Genome Biology (Sep 2021)

PAM-repeat associations and spacer selection preferences in single and co-occurring CRISPR-Cas systems

  • Jochem N. A. Vink,
  • Jan H. L. Baijens,
  • Stan J. J. Brouns

DOI
https://doi.org/10.1186/s13059-021-02495-9
Journal volume & issue
Vol. 22, no. 1
pp. 1 – 25

Abstract

Read online

Abstract Background The adaptive CRISPR-Cas immune system stores sequences from past invaders as spacers in CRISPR arrays and thereby provides direct evidence that links invaders to hosts. Mapping CRISPR spacers has revealed many aspects of CRISPR-Cas biology, including target requirements such as the protospacer adjacent motif (PAM).
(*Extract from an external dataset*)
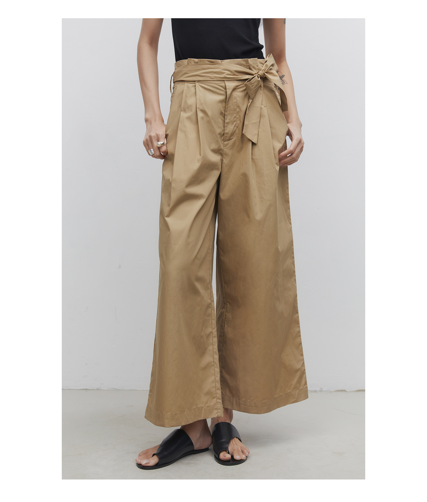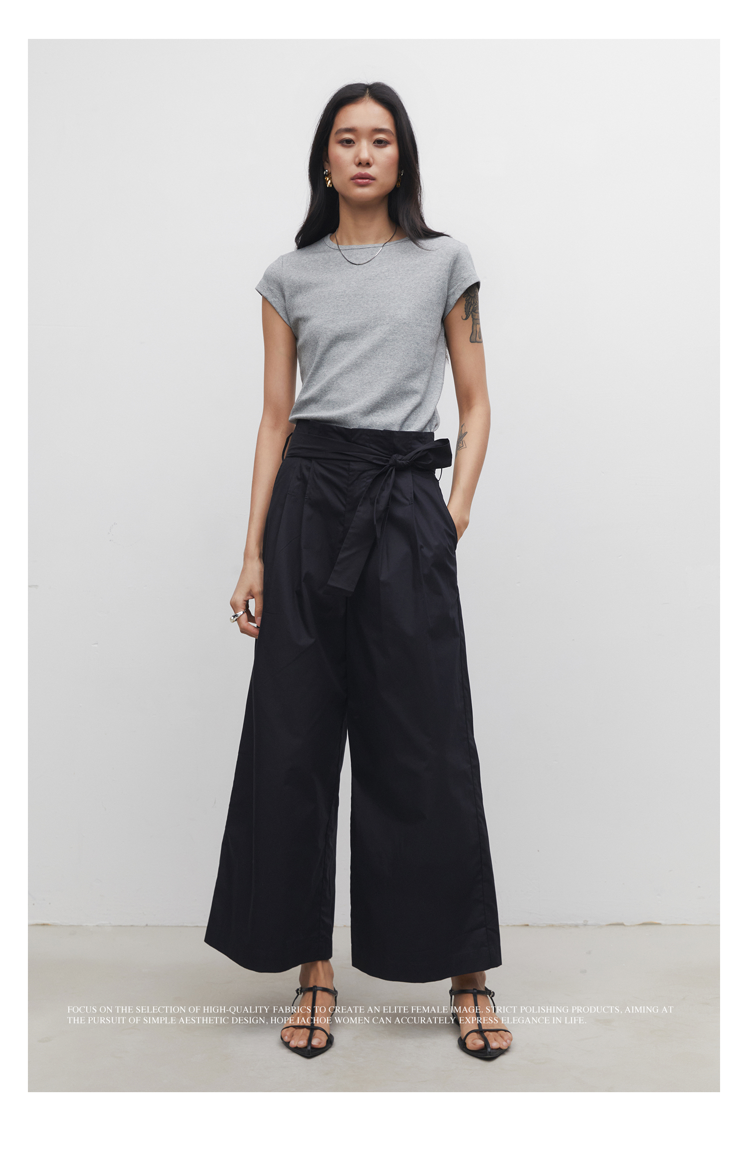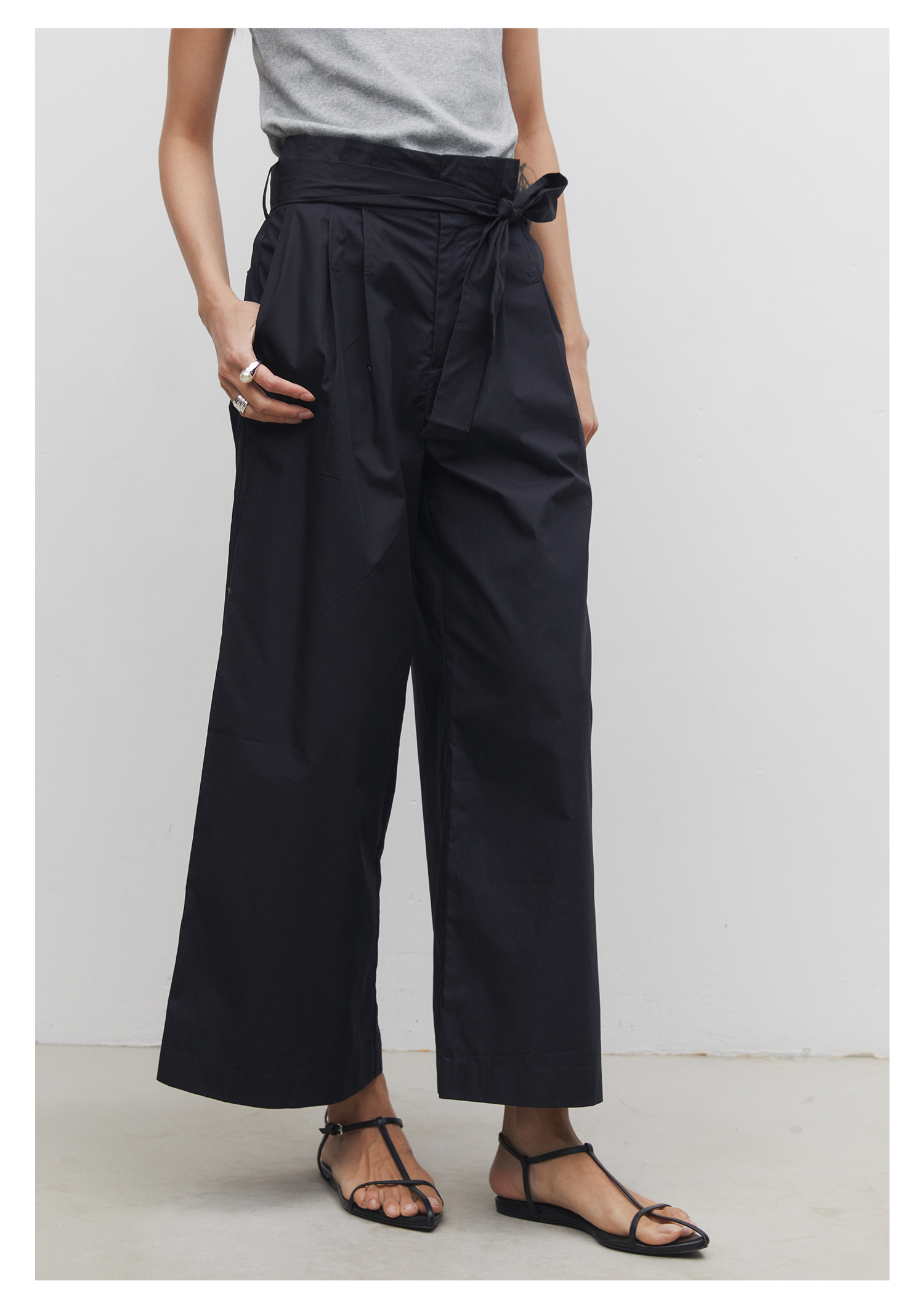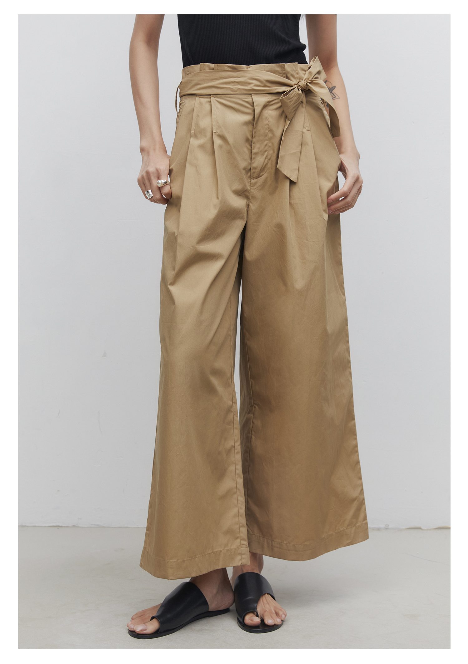 棉仓3531518009-山本风九分阔腿裤腰带款收胯 夏季长绒棉高腰薄款休闲裤

However, studies have so far been limited by a low number of mapped spacers in the database. Results By using vast metagenomic sequence databases, we map approximately one-third of more than 200,000 unique CRISPR spacers from a variety of microbes and derive a catalog of more than two hundred unique PAM sequences associated with specific CRISPR-Cas subtypes. These PAMs are further used to correctly assign the orientation of CRISPR arrays, revealing conserved patterns between the last nucleotides of the CRISPR repeat and PAM. We could also deduce CRISPR-Cas subtype-specific preferences for targeting either template or coding strand of open reading frames. While some DNA-targeting systems (type I-E and type II systems) prefer the template strand and avoid mRNA, other DNA- and RNA-targeting systems (types I-A and I-B and type III systems) prefer the coding strand and mRNA. In addition, we find large-scale evidence that both CRISPR-Cas adaptation machinery and CRISPR arrays are shared between different CRISPR-Cas systems. This could lead to simultaneous DNA and RNA targeting of invaders, which may be effective at combating mobile genetic invaders. Conclusions This study has broad implications for our understanding of how CRISPR-Cas systems work in a wide range of organisms for which only the genome sequence is known.